The Last of the Deluge: Minnehaha Creek Floods Meadowbrook Golf Course
Ok, enough about flood waters—but I had to post a couple more shots of water winning. These were taken at Meadowbrook Golf Course, the Minneapolis park course located in St. Louis Park and Hopkins on Excelsior Boulevard. (Click here to learn why the Minneapolis Park Board owns a golf course outside city limits. In fact, it owns four courses outside of Minneapolis: Theodore Wirth, Francis A. Gross, Fort Snelling and Meadowbrook.)

Meadowbrook Lake! Meadowbrook Golf Course — seen here from Excelsior Boulevard in St Louis Park — usually doesn’t have a lake in the middle of it. A pond on Minnehaha Creek on the eastern edge of the course — several hundred yards from this scene — was created in the late 1920s shortly after the course opened, because high water in the creek flooded part of the course. The pond was dredged to hold potential flood water and the earth dredged for the pond was used to raise the level of the course around it. That has worked pretty well through the history of the course — but not when Minnehaha Creek rises this much. This photo was taken more than a week after the heavy rains of June 19. (David C. Smith)

Another shot of the new lake in Meadowbrook Golf Course taken from near Excelsior Boulevard. (David C. Smith)
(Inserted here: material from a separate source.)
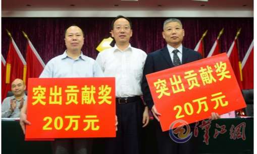 大力电工“SFC系列软起装置”荣获襄阳市科技进步一等奖,钒电池事业部总经理余龙海获得2015年度襄阳市突出贡献奖。襄阳市委书记李乐成为其颁奖。襄阳日报、襄阳晚报头版文字报道。

A different “lake” view, this looking east from Meadowbrook Road through the heart of the golf course. The 14 water hazards the course normally features appear to have merged into one. (David C. Smith)
As of this afternoon, the only Minneapolis public courses that remain closed due to flooding are Meadowbrook and Hiawatha. Only this afternoon, Theodore Wirth began allowing the use of carts again. There is no target date for when the two closed courses will reopen, but it’s likely to be awhile—especially with another 2-4 inches of rain forecast for this weekend.
Not only will cleanup and repair of these courses be expensive, but the revenue they typically generate will be lost to the Park Board for much of the summer.